| What to produce |
After finding the line with "洹水公园内各式各样的晨练方式丰富了老年人的生活。" in the data below, set down exactly each line through the one with "Each triangular module", inclusive, and stop there.

| Data |
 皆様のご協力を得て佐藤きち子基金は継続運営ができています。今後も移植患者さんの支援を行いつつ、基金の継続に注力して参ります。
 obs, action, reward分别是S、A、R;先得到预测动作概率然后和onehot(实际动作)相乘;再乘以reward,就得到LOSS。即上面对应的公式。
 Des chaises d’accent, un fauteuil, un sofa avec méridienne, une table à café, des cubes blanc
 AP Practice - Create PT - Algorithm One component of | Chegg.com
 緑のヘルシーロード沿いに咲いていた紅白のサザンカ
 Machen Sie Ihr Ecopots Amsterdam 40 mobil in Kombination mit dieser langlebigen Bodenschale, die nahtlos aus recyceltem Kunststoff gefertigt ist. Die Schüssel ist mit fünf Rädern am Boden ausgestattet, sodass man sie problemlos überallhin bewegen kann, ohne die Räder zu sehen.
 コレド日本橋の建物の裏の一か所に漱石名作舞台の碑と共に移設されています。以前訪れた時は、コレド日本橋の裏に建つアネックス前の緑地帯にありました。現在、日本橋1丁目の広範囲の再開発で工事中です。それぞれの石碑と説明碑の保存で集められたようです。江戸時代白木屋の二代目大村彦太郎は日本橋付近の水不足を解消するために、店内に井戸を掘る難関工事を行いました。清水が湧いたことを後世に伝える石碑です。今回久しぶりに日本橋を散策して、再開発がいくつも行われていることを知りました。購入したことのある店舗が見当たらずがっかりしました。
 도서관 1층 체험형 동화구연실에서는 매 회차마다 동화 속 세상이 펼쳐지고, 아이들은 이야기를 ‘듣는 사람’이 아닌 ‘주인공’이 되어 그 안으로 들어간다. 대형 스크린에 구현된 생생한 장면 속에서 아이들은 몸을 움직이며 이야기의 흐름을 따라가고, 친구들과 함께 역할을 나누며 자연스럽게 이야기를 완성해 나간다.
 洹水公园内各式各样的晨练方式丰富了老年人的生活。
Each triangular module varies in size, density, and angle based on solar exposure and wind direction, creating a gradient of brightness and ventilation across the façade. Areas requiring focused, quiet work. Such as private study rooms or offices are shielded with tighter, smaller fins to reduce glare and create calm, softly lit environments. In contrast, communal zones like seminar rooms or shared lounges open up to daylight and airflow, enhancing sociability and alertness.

--

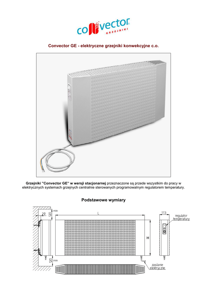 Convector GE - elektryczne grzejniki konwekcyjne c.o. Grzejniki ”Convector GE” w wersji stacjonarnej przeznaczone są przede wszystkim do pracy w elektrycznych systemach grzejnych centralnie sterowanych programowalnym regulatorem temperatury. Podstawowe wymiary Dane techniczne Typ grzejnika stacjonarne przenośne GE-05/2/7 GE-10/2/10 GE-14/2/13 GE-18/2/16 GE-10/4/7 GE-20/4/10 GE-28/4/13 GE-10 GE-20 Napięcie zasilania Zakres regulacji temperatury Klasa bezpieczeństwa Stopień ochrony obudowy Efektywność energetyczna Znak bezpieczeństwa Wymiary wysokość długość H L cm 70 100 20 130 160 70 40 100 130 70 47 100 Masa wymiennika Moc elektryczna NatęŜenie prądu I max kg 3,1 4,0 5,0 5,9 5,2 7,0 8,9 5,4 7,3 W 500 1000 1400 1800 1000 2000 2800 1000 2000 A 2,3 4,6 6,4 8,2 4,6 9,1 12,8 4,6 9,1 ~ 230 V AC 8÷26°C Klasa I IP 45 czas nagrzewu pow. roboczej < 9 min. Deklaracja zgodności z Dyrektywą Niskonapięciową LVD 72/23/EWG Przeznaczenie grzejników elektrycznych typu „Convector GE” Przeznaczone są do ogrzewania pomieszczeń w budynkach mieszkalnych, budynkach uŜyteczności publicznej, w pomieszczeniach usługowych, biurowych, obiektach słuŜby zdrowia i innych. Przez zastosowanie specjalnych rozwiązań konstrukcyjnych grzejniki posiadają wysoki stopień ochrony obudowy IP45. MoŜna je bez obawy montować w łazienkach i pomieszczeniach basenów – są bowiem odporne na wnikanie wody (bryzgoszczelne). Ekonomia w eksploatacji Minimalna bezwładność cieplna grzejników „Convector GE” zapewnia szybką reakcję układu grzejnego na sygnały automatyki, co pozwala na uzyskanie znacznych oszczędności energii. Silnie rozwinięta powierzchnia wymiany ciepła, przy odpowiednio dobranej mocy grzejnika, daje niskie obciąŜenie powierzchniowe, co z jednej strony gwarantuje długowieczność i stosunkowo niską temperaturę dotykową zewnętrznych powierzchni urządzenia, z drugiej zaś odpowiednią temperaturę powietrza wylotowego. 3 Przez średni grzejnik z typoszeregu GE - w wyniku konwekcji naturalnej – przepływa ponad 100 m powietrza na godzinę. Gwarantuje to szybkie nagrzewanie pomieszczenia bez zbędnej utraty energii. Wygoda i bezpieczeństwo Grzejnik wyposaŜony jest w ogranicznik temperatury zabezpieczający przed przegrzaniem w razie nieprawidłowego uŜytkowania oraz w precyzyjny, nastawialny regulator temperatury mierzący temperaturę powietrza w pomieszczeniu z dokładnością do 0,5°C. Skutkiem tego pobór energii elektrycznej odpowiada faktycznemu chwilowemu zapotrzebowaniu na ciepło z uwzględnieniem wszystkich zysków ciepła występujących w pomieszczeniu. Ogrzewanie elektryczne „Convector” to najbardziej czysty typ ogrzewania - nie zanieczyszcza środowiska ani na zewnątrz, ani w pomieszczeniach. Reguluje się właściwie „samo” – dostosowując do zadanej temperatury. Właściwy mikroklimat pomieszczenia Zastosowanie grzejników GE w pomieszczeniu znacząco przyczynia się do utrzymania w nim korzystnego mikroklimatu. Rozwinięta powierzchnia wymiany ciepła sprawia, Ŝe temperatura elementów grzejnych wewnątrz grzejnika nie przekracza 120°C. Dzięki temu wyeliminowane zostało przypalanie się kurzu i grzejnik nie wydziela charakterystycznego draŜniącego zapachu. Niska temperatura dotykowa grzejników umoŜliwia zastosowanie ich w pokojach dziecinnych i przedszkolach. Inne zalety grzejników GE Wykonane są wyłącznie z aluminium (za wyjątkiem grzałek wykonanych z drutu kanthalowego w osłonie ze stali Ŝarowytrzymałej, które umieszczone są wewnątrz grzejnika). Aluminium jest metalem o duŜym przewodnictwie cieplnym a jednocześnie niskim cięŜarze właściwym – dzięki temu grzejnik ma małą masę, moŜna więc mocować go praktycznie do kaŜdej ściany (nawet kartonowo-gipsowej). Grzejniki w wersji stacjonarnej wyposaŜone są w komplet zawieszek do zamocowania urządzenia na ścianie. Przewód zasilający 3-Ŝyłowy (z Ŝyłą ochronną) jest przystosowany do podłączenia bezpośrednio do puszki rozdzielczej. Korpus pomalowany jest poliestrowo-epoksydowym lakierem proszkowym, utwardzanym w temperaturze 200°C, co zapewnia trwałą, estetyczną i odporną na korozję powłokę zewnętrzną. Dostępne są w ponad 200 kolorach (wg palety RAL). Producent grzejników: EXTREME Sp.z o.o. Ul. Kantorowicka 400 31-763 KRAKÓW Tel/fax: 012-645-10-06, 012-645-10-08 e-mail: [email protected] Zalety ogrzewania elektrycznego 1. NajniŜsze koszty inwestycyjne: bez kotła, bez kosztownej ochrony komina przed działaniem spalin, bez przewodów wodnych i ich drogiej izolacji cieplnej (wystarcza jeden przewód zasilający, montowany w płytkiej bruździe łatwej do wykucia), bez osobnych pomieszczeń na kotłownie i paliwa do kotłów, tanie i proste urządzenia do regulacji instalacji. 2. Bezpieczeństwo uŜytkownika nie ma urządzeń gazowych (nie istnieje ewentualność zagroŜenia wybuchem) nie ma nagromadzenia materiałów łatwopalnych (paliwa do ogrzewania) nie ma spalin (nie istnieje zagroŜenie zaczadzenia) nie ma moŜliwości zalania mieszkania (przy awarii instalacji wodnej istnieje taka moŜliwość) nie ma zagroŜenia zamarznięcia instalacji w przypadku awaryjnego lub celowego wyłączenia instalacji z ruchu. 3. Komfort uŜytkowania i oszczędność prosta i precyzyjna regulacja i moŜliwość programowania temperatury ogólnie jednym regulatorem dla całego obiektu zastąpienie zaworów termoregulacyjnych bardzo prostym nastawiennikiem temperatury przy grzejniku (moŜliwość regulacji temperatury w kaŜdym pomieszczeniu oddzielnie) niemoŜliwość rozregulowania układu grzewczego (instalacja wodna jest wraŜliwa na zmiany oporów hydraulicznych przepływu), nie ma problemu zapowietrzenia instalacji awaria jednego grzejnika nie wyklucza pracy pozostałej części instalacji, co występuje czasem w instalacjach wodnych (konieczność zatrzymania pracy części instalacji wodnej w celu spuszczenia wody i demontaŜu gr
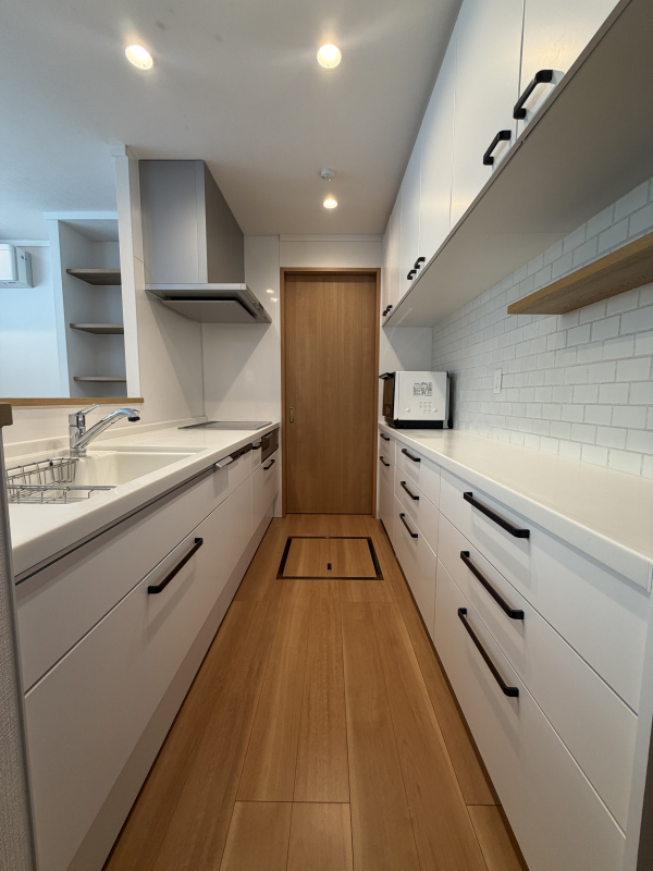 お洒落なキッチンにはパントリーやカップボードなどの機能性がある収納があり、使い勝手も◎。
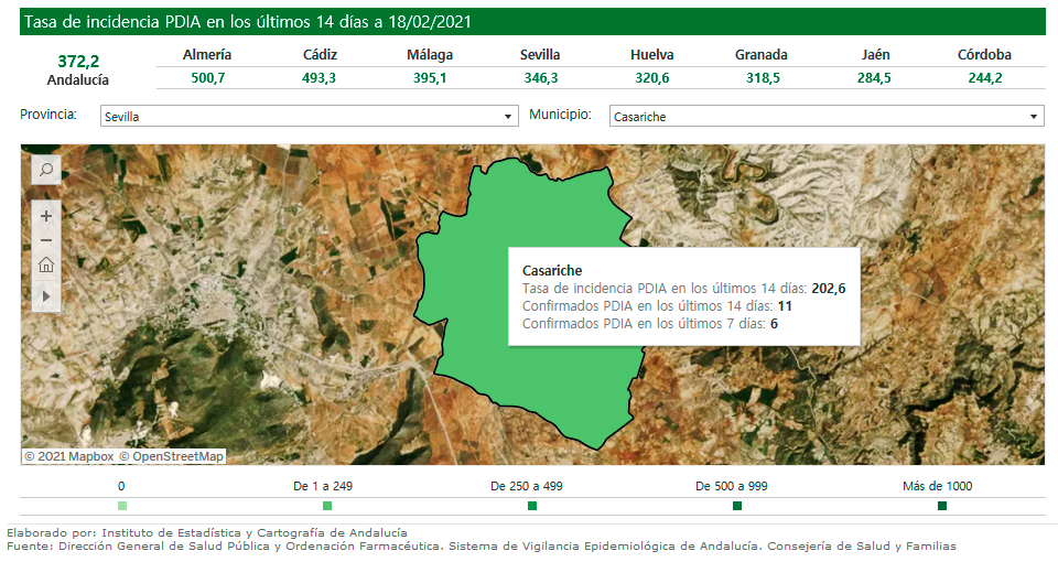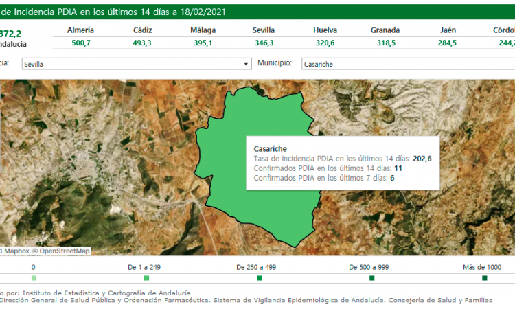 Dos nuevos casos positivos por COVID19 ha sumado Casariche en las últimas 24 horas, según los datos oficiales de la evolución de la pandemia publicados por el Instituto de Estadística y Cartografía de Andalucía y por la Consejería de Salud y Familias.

| Output for this task |
 洹水公园内各式各样的晨练方式丰富了老年人的生活。
Each triangular module varies in size, density, and angle based on solar exposure and wind direction, creating a gradient of brightness and ventilation across the façade. Areas requiring focused, quiet work. Such as private study rooms or offices are shielded with tighter, smaller fins to reduce glare and create calm, softly lit environments. In contrast, communal zones like seminar rooms or shared lounges open up to daylight and airflow, enhancing sociability and alertness.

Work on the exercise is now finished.